Frodo stroked the horsehair cord that held his magic lens, woven from the strands that Bergil cut for him. Its touch seemed to steady him somehow; at least his head did not quite swim so much. A tiny strand of water-weed came off on his finger, and he remembered why Bergil had fallen ill in the first place. Frodo labored to his feet once more, and tugged at Bergil’s arm.
 
“Come on, please, my dear, dear friend! You have twice saved my life now, please let me save yours!” Bergil responded no more than a dead man. Fear raced in Frodo’s pulse. “Oh PLEASE!” he shouted out to no one in particular. “If there is one maia present--just one!--glad of my father’s deeds in this land, please help his son now!”
 
“Frodo?” He barely heard Bergil’s croak, but tears of relief burst from him as he dropped down to the man, ear to his lips.
 
“Yes, yes, it’s me, Frodo. Bergil, can you hear me?”
 
“So...far...away...”
 
“I’m right here, Life-Ward. You just follow my voice and come back to me, hear?”
 
“Frodo...did you know...I can fly!”
 
“You land right now, do you hear me?” He shook the man’s shoulders and somehow managed to shove him all the way up onto his knees. “You just leave the flying to Mattie’s mother, now--it’s no skill for the living.” He shook Bergil again. “Open your eyes, Bergil--look at me. I need you.”
 
“Need me?” The man opened his eyes.
 
“I need your companionship--a dark road lies ahead of us that no one should face alone. I need you to live, my Life-Ward, my friend, I need you to rise up on both feet and...no, don’t close your eyes again! Stay with me, Bergil! Elenaril needs you--as long as you can climb to your feet you’ve got hope, she’s got hope, we’ve all got hope--that’s it. Oh, bless you, you’re doing it!
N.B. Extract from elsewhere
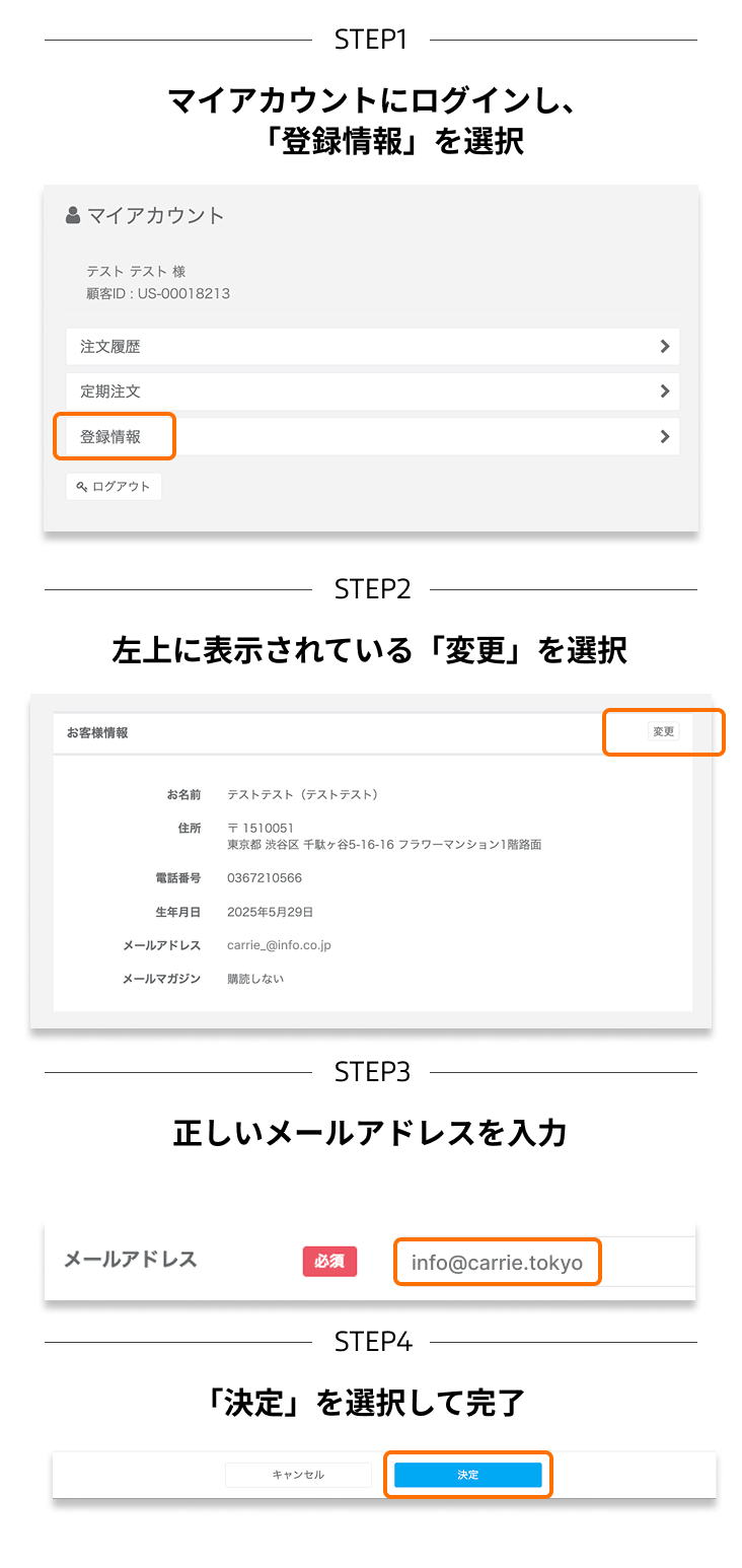 ご登録のメールアドレスに誤りがある場合、キャンペーンやイベント情報が届きません。以下の手順に沿ってご登録をいただきますようお願いいたします。

Oh thank you, thank you, thank all the friends of heaven...easy, don’t falter...there, lean on me. That’s right...just like that...come on, you can walk...all right, we’re doin’ it...we’re doin’ it...we’re...oh good heavens...” he felt the man’s weight crush him nearly to his knees again. “This is no good!” he thought. “I am not an ant, to carry double my size like this for long!”
 
“Mind the goats,” said the deep voice.
 
“I don’t care about the...the goats...of course! The goats!” He whistled the herd over from nibbling listlessly at a bush that could hardly appeal to any creature. Wobbling but upright, Frodo managed to maneuver Bergil between the two pack-goats, close to the size of a Shire pony each, and strong enough to bear more than the packs assigned to them. “Here we go...that’s it...one on either side. Rest your arms on the packs, Bergil...that’s it. You’re doing fine. Let them help you keep your feet. Okay, then. This way. I know where to go. Follow me.” He staggered forward, leading the goats and the man, the lens held up before his eyes.
 
Hovering above, the Maia of Fire and of Dreams chuckled silently (having, for the moment, no throat with which to chuckle out loud) grateful for the fever that gave him access to the hobbit this one time in the waking world. (“Oft evil will shall evil mar,” he used to say to those who would listen, back when he walked among men.) Soon he must return to Valinor with flash-fire speed, his findings to report. Yet those who sent him could spare him a little time to revel in the moment. On this day the legions of Manwe would rejoice, for new hope had come to the Ones Entrapped--but that it would come from this quarter made his personal joy all the richer.
 
“Oh yes, my little hobbit, heir of Míryave--I love your father well!”